** YOUR ASSIGNMENT **
All lines below between the line with "2.真の場合の値は、セルが空" and the line with "shardingsphere: #数据源信息 datasource: #名称为dbsource-0的数据源", including both, must be copied exactly, and the pictures must be omitted.

** EXERCISE DATA **

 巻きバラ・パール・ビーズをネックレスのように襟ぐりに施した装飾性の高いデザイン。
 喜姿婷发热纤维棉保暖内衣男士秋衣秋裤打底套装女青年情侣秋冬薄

==

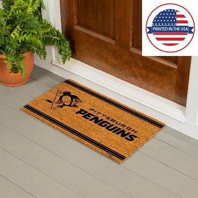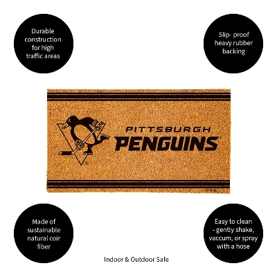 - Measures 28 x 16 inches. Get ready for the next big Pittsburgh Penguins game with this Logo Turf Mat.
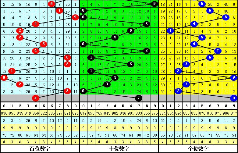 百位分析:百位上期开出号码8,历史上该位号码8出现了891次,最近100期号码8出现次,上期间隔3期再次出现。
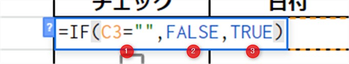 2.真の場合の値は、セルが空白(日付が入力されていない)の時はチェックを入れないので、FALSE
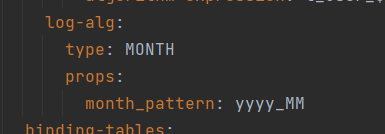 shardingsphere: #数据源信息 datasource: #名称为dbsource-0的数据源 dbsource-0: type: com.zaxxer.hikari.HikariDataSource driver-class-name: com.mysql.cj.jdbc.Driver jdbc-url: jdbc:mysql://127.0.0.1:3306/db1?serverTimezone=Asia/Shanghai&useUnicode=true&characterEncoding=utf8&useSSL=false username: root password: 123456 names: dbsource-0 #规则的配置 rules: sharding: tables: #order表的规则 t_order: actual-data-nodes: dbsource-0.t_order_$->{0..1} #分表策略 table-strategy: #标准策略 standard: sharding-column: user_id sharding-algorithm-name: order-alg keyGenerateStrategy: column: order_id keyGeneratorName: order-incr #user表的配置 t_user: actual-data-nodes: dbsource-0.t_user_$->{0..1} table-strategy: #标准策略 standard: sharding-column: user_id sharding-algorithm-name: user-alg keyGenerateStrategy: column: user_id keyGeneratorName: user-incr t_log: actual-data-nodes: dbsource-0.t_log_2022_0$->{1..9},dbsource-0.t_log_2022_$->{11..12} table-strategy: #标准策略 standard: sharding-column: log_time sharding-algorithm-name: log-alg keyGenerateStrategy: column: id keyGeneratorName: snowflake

---

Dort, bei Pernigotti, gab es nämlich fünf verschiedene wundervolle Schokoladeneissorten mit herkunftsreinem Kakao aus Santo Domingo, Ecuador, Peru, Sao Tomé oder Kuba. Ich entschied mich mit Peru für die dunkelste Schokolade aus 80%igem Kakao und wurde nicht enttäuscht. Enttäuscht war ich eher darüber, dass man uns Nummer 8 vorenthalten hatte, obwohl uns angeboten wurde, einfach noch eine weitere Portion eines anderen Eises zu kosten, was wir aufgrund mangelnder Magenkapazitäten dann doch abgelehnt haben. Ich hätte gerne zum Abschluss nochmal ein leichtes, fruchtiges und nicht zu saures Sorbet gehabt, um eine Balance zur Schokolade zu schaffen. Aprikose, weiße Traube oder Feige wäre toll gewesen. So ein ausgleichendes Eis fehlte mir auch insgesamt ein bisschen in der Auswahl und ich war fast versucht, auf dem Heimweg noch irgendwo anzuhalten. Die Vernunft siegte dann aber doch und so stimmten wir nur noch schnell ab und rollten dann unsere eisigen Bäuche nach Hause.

** RESULT **
 2.真の場合の値は、セルが空白(日付が入力されていない)の時はチェックを入れないので、FALSE
 shardingsphere: #数据源信息 datasource: #名称为dbsource-0的数据源 dbsource-0: type: com.zaxxer.hikari.HikariDataSource driver-class-name: com.mysql.cj.jdbc.Driver jdbc-url: jdbc:mysql://127.0.0.1:3306/db1?serverTimezone=Asia/Shanghai&useUnicode=true&characterEncoding=utf8&useSSL=false username: root password: 123456 names: dbsource-0 #规则的配置 rules: sharding: tables: #order表的规则 t_order: actual-data-nodes: dbsource-0.t_order_$->{0..1} #分表策略 table-strategy: #标准策略 standard: sharding-column: user_id sharding-algorithm-name: order-alg keyGenerateStrategy: column: order_id keyGeneratorName: order-incr #user表的配置 t_user: actual-data-nodes: dbsource-0.t_user_$->{0..1} table-strategy: #标准策略 standard: sharding-column: user_id sharding-algorithm-name: user-alg keyGenerateStrategy: column: user_id keyGeneratorName: user-incr t_log: actual-data-nodes: dbsource-0.t_log_2022_0$->{1..9},dbsource-0.t_log_2022_$->{11..12} table-strategy: #标准策略 standard: sharding-column: log_time sharding-algorithm-name: log-alg keyGenerateStrategy: column: id keyGeneratorName: snowflake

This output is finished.